I would replace the pilot bearing which is inside the crank and inspect the living HE double L out of that rear cover and seal as they are prone to leak over time. $30 in parts to do it all while you are right there, probably $500+ to do it after you put the car back together.
In the DIY guides I think they tell you the bottom of the rear end needs to be up 23" to slide the rear end back and you need a lot of room behind the car to pull it back out of the way. Here's one guy's way of doing it in the NCM parking lot
From: You know your drunk when you swerve to miss the tree then you realize its your air freshener! Covington Ga
Originally Posted by KCvetteowner
In the DIY guides I think they tell you the bottom of the rear end needs to be up 23" to slide the rear end back and you need a lot of room behind the car to pull it back out of the way. Here's one guy's way of doing it in the NCM parking lot
I bought an aluminum atv jack from sears which worked great for craddling transmision. You should have 2 floor jacks on hand and redundant jack stands and blocking in case the car falls off first stands. Be careful an old co-worker of mine just died after being crushed under his car out in his driveway. He was only 30 years old. It's not a hard job with patience and air tools. BTW don't use an impact gun on rear craddle, the backing plates on the studs can bend alowing stud to spin so you wont be able to tighten nuts. Read up on this job. Lots of posts. I put a Tick clutch master in mine too. Nice piece.

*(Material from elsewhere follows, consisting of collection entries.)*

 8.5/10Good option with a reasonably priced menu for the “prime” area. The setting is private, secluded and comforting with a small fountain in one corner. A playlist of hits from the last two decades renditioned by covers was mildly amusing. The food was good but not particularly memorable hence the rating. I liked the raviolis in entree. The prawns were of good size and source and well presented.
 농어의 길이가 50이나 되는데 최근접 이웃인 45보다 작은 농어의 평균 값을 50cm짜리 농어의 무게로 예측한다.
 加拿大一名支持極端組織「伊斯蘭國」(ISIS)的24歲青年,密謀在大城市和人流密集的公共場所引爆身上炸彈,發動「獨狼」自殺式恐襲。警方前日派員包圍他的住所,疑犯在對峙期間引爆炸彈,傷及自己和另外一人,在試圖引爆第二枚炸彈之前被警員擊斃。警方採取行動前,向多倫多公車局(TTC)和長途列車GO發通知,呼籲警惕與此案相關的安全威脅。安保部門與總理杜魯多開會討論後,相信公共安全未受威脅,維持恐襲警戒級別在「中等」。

In the DIY guides I think they tell you the bottom of the rear end needs to be up 23" to slide the rear end back and you need a lot of room behind the car to pull it back out of the way. Here's one guy's way of doing it in the NCM parking lot
Now I've seen everything. I think I would have called a flatbed. Notice the puddle on the left side. Fun!

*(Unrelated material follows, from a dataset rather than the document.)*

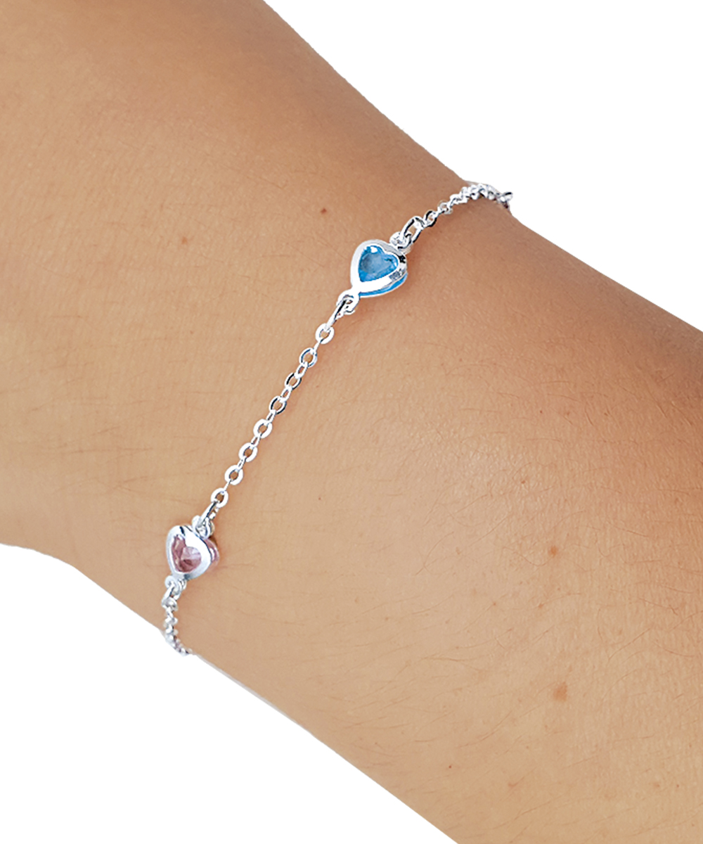 Pulseira Coração Colorido Folheada a prata com pedras de vidro

A new slave cylinder, speed bleeder for the clutch and pilot bearing are an absolute.
New ARP flywheel and pressure plate bolts would also be a good idea. Make sure that you tighten them down to the correct lb. spec and also in the correct order. If you don't have that info, I can look it up in my shop manual later and post it for you. Make sure you have a torque wrench, a 3/8" drive Craftsman one that only went up to 74 lbs. was fine for us. I think they're about $65 or so at Sears.
You will have to rent a couple of tools such as a slide hammer and bearing removal tool to get the pilot bearing out. They're available at Auto Zone.
It would also be a good time to get an aftermarket shift if that's something you've thought about. The shifter has to come out anyway. It's also a good time to do the tunnel plate and get a thicker one. Tunnel plate is held on by about 2.5 million little bolts.
The toughest part will probably be getting the torque tube back into the front.
Buy 2 pilot bearings while you're at it in case you mess one up. They're only about $12 each for an OEM piece.